I like the retro term myself.
Wholesome Retro was how a friend described the environment Michael and I are raising our children in. I never thought about it that way, that we were somehow retro? I just know when I was a kid, my mom made cookies and bread on the regular, and we always had dinner together. My dad worked nights for most of my childhood, so usually it was just me, my mom, brother and sister at the table, but it was at a table and not in front of the TV.
And she cooked the dinner.
Those cookies and bread were from scratch too.
No Uncle Ben's (too expensive.)
No Pillsbury slice and bake (too expensive, and not really tasty.)
The only take out we had was an occasional bucket of chicken, and Rubino's pizza on Friday nights.
That's what I do too. Maybe more intensely than my mom, because I am me. But from scratch is my way to go. I have tricks and short cuts of course, and it's taken me years to figure out the best way to make a tiny New York kitchen work to my advantage. It was only a year ago that we renovated and made our kitchen the Shangri-La it is today. A dishwasher, a full sized stove, a big fridge with a bottom freezer, and CABINETS! My point is, is that it has always felt important to cook for myself, my husband and now my children. I figured out how to cook for one, then added on.
When I moved to New York it was out of necessity to figure out the mysteries of the kitchen once and for all, I was poor and it was cheeper and better for me than eating take out. I had spent years bopping around the country working at theaters, and not having my own kitchen, before that in an unhappy marriage where I was berated about my cooking because it wasn't as good as my mothers.
At least I tried. The only way to become good at something is to practice. So once I was in a place long enough to really really practice that's what I did. What I do.
A year ago I gave myself a cooking challenge. Maybe it was part of the nesting that occurs when you are waiting for the birth of a child. I decided a month before our son Noah was born that we were going to stop buying bread and I was going to bake bread for us. I wasn't sure how I was going to do it. We're busy. Sometimes we're really really busy. What about the summer? When it's 90 degrees. What then.
Well. It's a little over a year later, and I did it.

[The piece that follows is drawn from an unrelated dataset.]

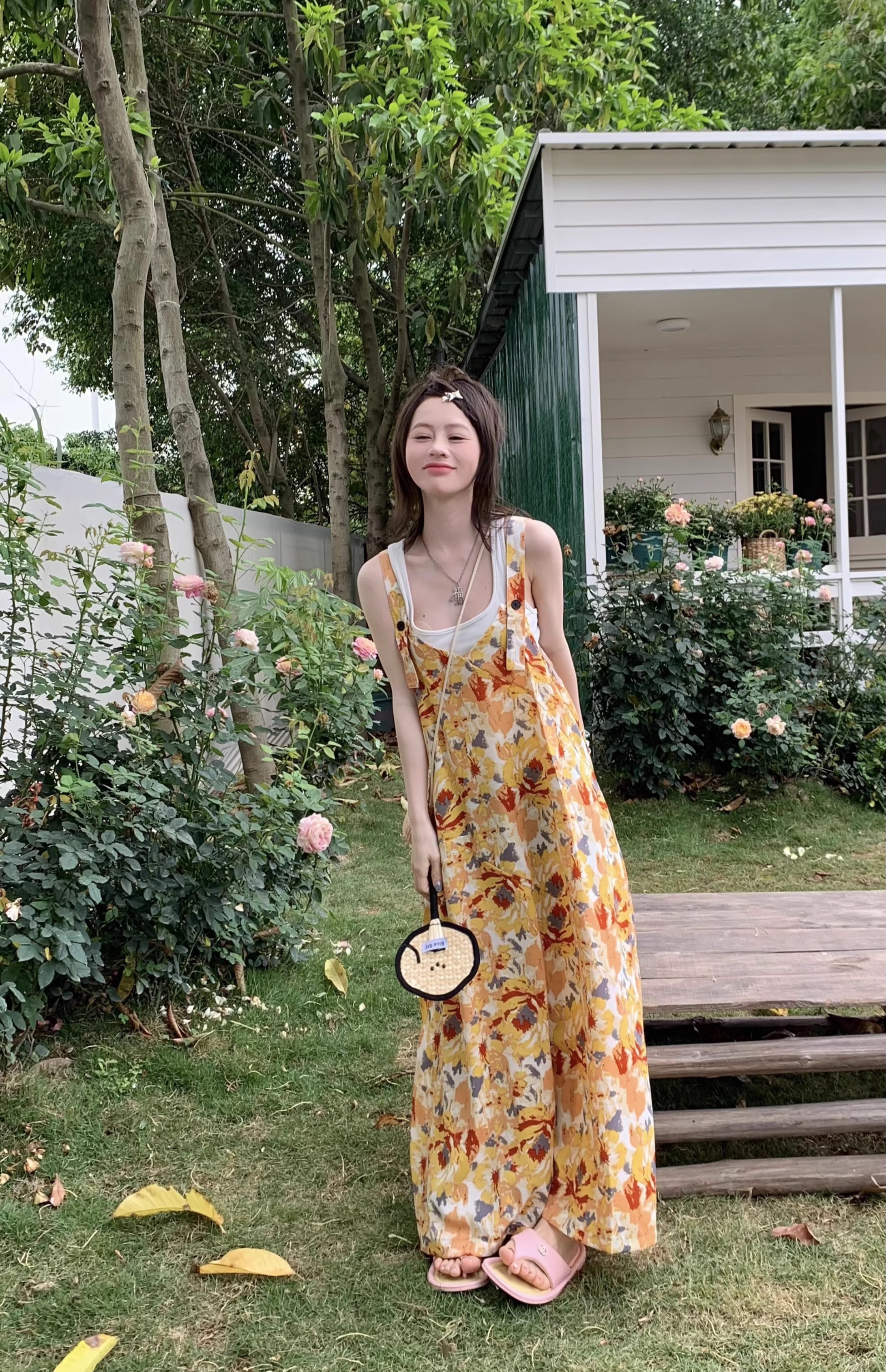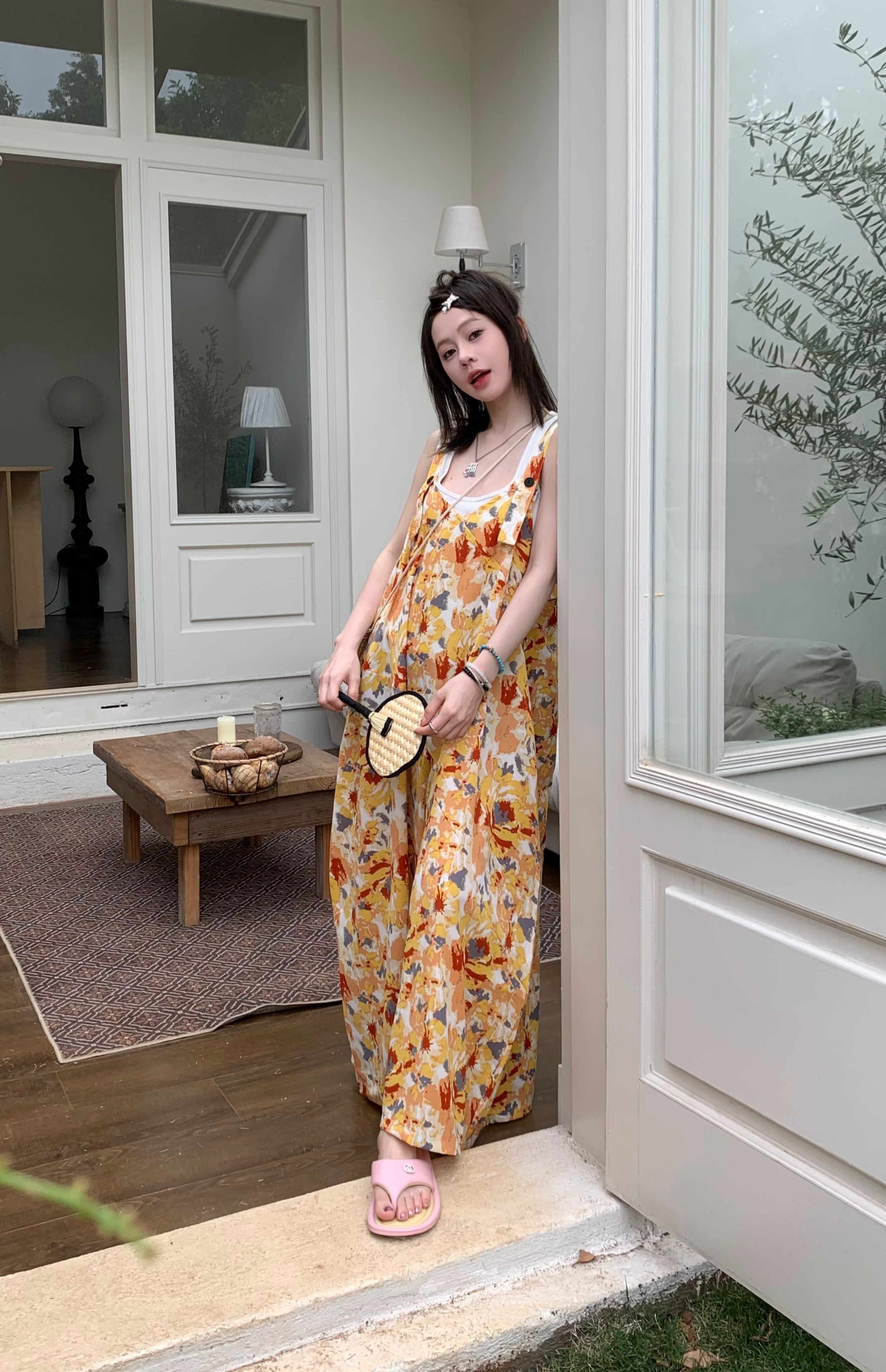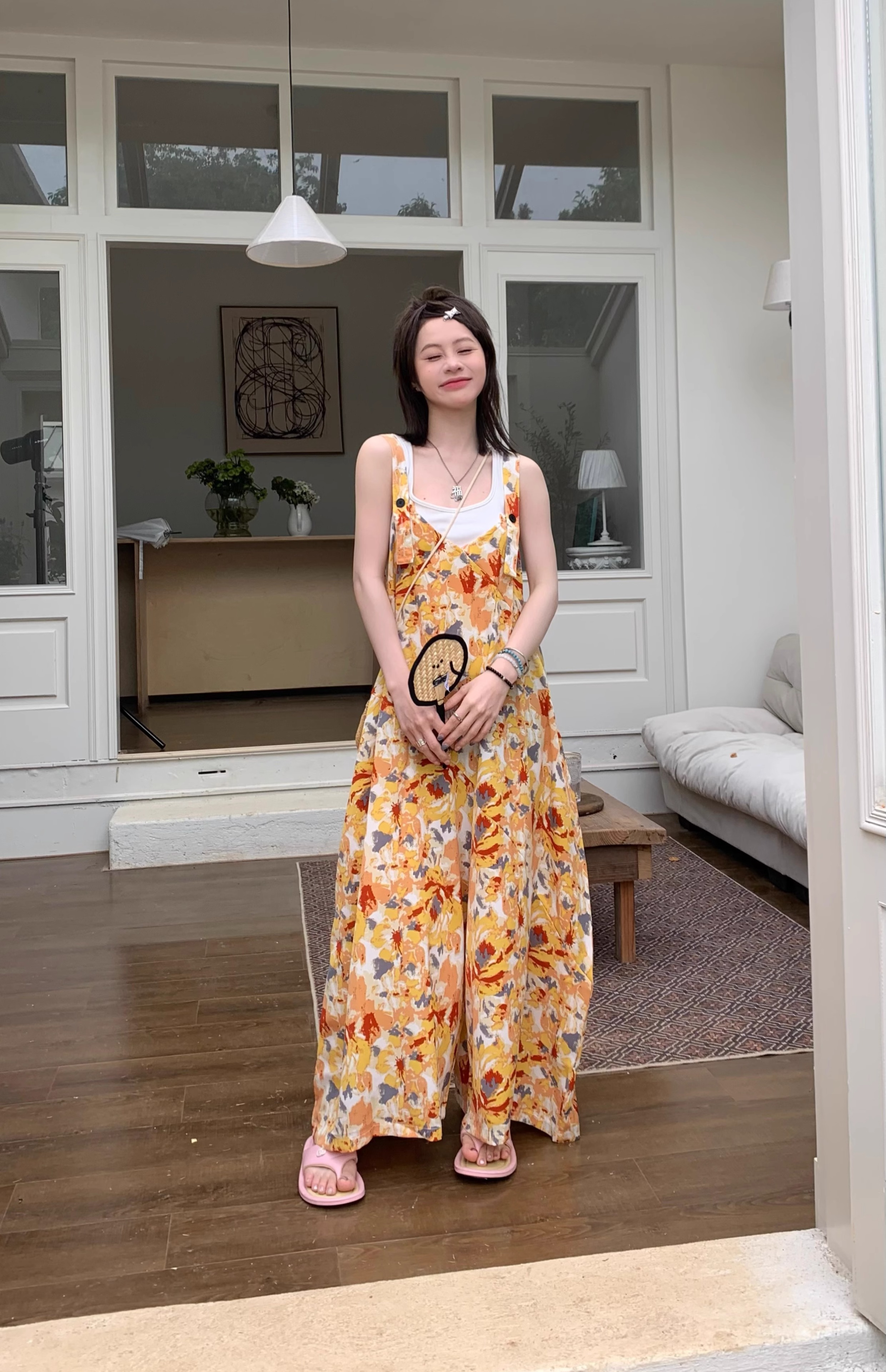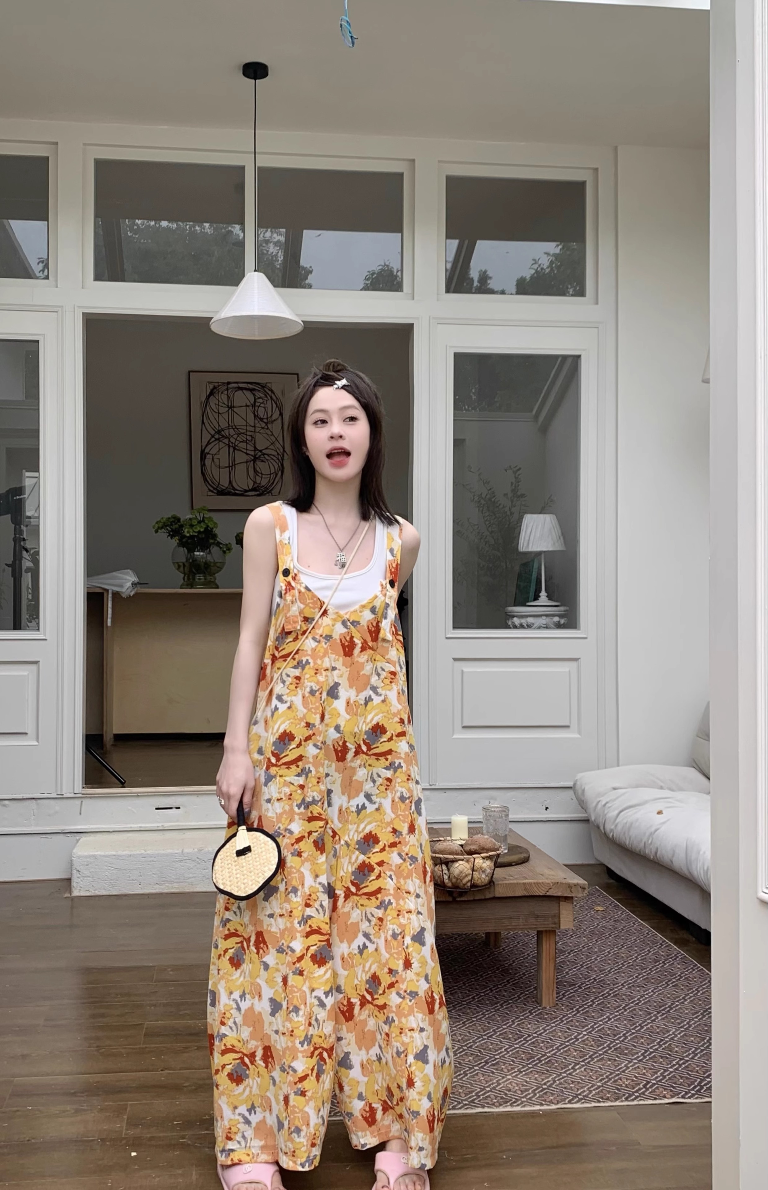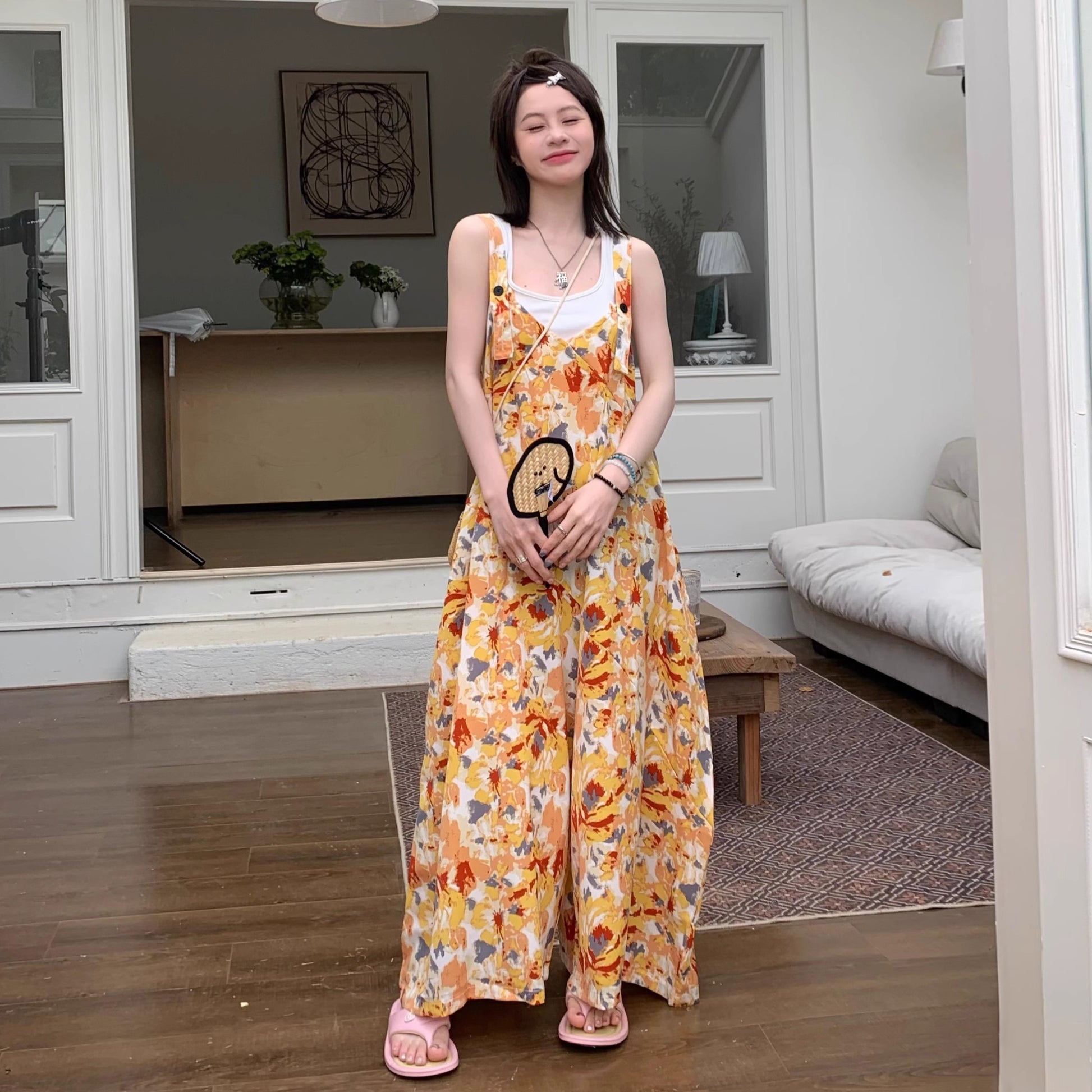【ボトムス】夏新作 ゆったりカジュアルルーズ感 オーバーサイズ キャミサロペット オールインワン【SHシリーズ】

There were a few times over the summer where we bought bakery bread, and we also buy the occasional hamburger potato bun. The toast and sandwiches we have consumed over the last year have primarily been bread that I have made. I have to thank the woman who writes the blog www.butterpies.com because that blog got me started. She had a recipe for a fast crusty loaf that helped me get over the hump, and the recipe through all of my revisions and add ons still is one that I use primarily. I found the blog one night when Michael and I were having soup for dinner and craving some fresh bread. An hour later we had what we wanted.
Yesterday I used a new recipe. I happened to look at the back of the Gold Metal Flour bag and it had a recipe for honey whole wheat bread. That's basically what I make anyway, but this had a few extra steps, a longer rise and looked interesting. It was spectacular. The extra steps were worth it, and developed the gluten in a way that made a nice tall loaf that didn't collapse when I put it in the oven. I tweeted about it, and it tickled me that Gold Metal Flour retweeted my picture, and tweeted me back saying I was on the right track with my dough.
This year my next cooking adventure is launching Harlem Souper Heroes
But I'm going to continue to bake our bread. My experiment has become our life style and has changed us for the better.
So we are a wholesomely retro household. Where there will be cookies in the cookie jar, pizza on Friday nights, and fresh bread every week.